Grace smiles faintly, her eyes still closed. ‘This wasn’t what you were expecting from me, was it?’

‘What do you mean?’

‘The house. It’s pretty darn shabby.’

‘Well.’ It’s hard to pretend otherwise. ‘Yeah.’

‘The same lady who owned it when I was a kid owns it now. She only rents to a couple of people. It’s a treasure. A hidden gem.’ She laughs, the sound raspy. ‘I’m glad she hasn’t changed it. It helps me remember.’ She opens her eyes and looks around at the faded furniture, the dusty seashells on the bookshelf, the local hardware’s calendar from 2015 that is still tacked up on the kitchen wall. ‘I love this place,’ she says softly. ‘I’ve always loved it. When I was a child, it was the only place I felt safe. Where death couldn’t touch me.’ She glances at me, her expression wry. ‘Do you suppose that’s true now?’

‘What do you mean by that?’ I ask. ‘That death couldn’t touch you?’

‘Because when my dad and I came here, we felt safe. Cocooned. My mother came too, for those first few years, but she felt different here. It was almost like it was magic.’ She pauses, her gaze faraway. ‘I think I’ve told you about my mom, how she was diagnosed with breast cancer when I was seven, and then died when I was fourteen. It overshadowed my whole childhood. My whole life, really.’ She sighs and leans her head back against the chair. ‘And here it is, playing out again, except Isaac is so much worse off than I was.’ Her voice chokes and she takes a shuddery breath. ‘He doesn’t have my dad.’

There’s so much love and grief in her voice that I feel compelled to say, ‘Tell me about him.’

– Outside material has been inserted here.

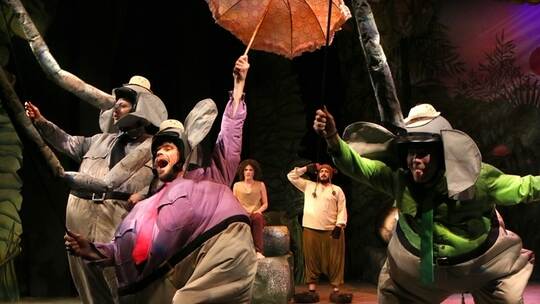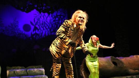 Mit tosendem Applaus wurde am Dienstag die Premiere des Kinderstücks zur Winterzeit gefeiert, das nach den Erzählungen von Rudyard Kipling als Musical auf die Bühne kam, mit launiger Musik von Marc Schubring und einem Libretto von Juliana Wulfgramm und Andreas Lachnit. Ein bisschen dauert es aber, bis der Funke überspringt. Noch etwas zäh wirken die ersten Dialoge. Die Lieder sind durchweg kaum zu verstehen, so laut dröhnt die eingespielte Musik dazu.
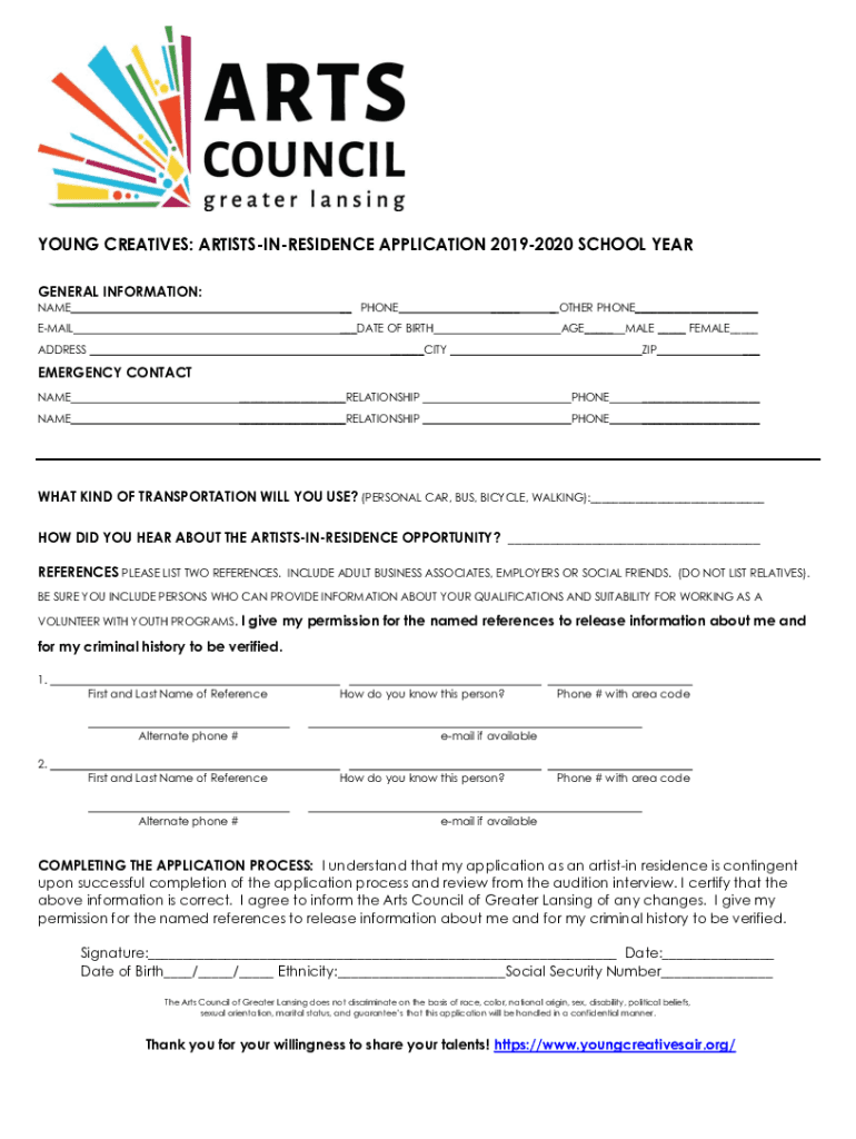 YOUNG CREATIVES: ARTISTSINRESIDENCE APPLICATION 20192020 SCHOOL YEAR GENERAL INFORMATION: NAME__ PHONEEMAIL___DATE OF BIRTHADDRESS____ OTHER PHONE___ AGE______CITYMALE ___ FEMALE___ ZIP___EMERGENCY

‘Oh, Heather.’ She sighs, the sound still shuddery. ‘He was such an amazing man, so funny and gentle and kind. I know it’s easy to memorialize people after they’re dead, although God knows who will do that for me.’ She shakes her head. ‘But in his case it’s all true. He took care of me when my mom was sick, and he was my rock after she was gone. We did everything together.’

Her gaze turns distant, thoughtful. ‘Sometimes I wonder if he did too much for me. I depended on him so much. And I missed him so much. Maybe if he hadn’t been such a huge influence in my life, I would have had more friends. More boyfriends. A husband, even.’ She shrugs. ‘But who knows? Maybe I wouldn’t have, because I’ve known what it’s like to lose someone, and it hurts.’ She draws a quick breath. ‘I hate that Isaac is going to know that too, and worse than I ever did.’ Her expression closes down then, and I wish I could comfort her.